-- Input data follows --
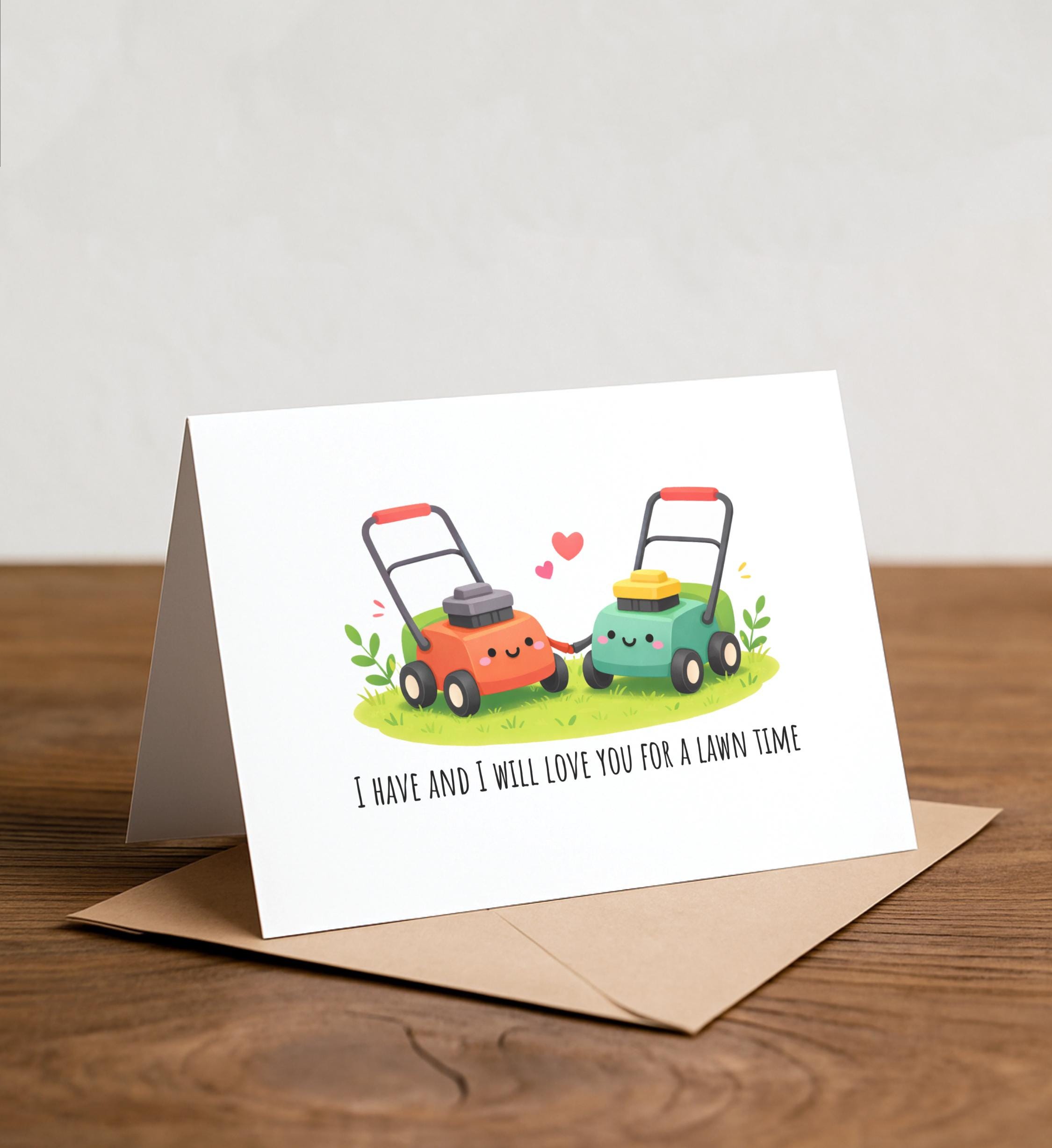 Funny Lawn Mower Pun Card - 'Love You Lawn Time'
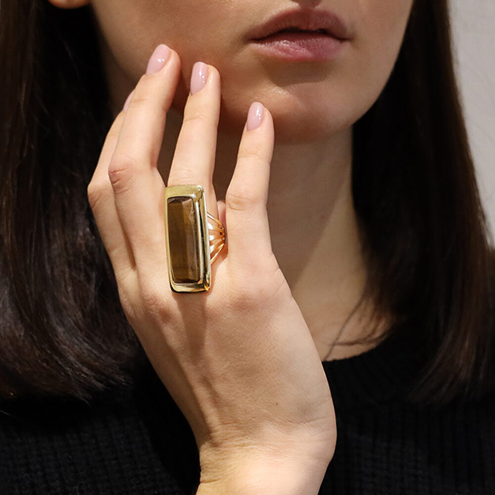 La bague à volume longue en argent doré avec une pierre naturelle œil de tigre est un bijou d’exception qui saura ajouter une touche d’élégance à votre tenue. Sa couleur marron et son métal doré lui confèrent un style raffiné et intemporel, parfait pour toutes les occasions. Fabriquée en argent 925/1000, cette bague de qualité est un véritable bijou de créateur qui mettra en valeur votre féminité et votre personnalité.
-- Input data concluded --
-- Input data follows --
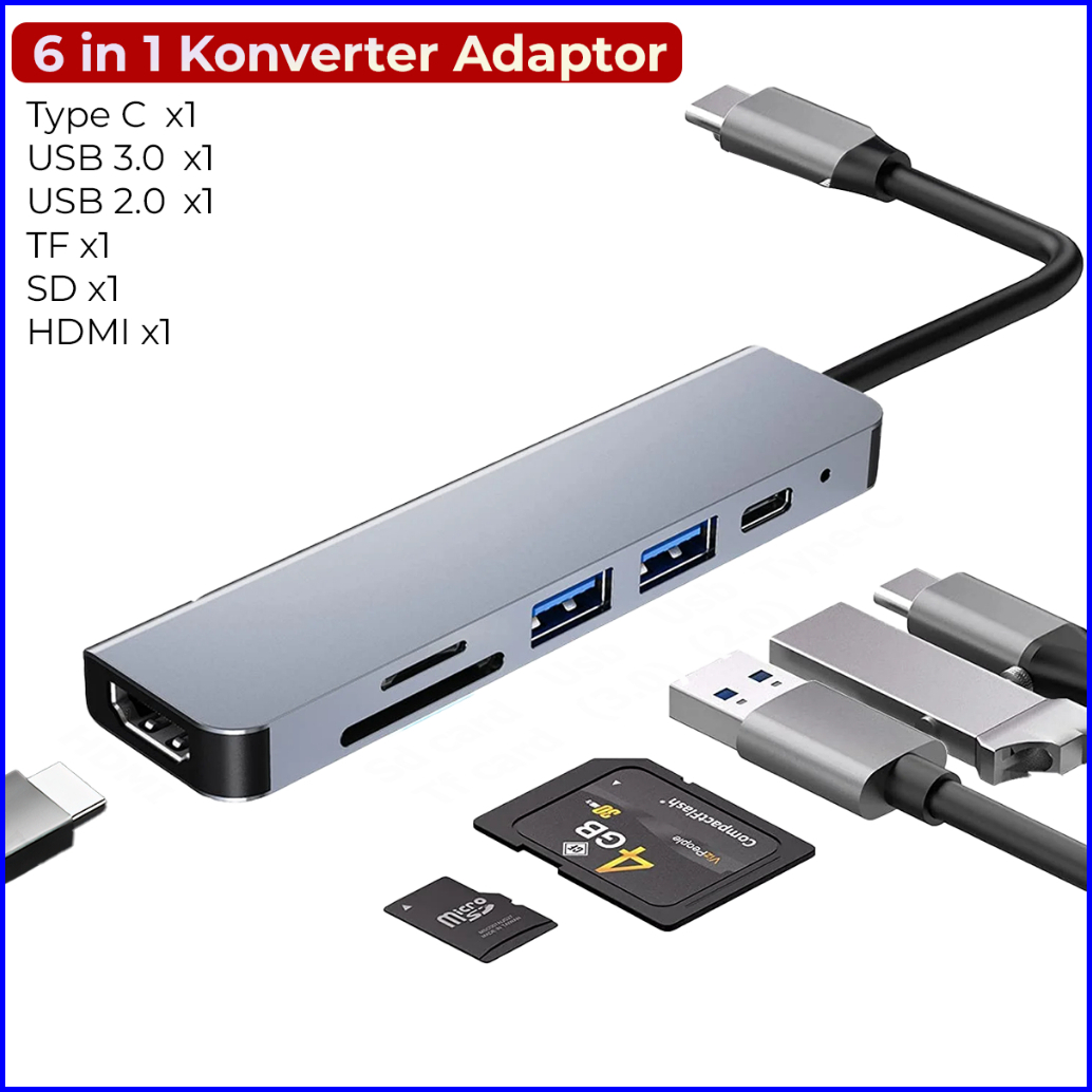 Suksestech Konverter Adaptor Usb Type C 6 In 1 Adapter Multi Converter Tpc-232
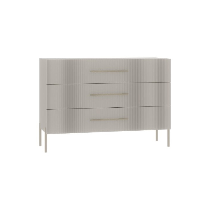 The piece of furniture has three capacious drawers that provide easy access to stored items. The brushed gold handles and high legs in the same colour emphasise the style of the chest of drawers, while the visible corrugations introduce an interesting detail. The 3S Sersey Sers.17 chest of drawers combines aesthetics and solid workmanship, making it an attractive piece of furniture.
-- Input data concluded --
**Work instructions**:
Within the material above, only the stretch from the line holding "Funny Lawn Mower" through the line holding "La bague à volume" is to be restated exactly. Pictures are dropped.

**Answer box**:
 Funny Lawn Mower Pun Card - 'Love You Lawn Time'
 La bague à volume longue en argent doré avec une pierre naturelle œil de tigre est un bijou d’exception qui saura ajouter une touche d’élégance à votre tenue. Sa couleur marron et son métal doré lui confèrent un style raffiné et intemporel, parfait pour toutes les occasions. Fabriquée en argent 925/1000, cette bague de qualité est un véritable bijou de créateur qui mettra en valeur votre féminité et votre personnalité.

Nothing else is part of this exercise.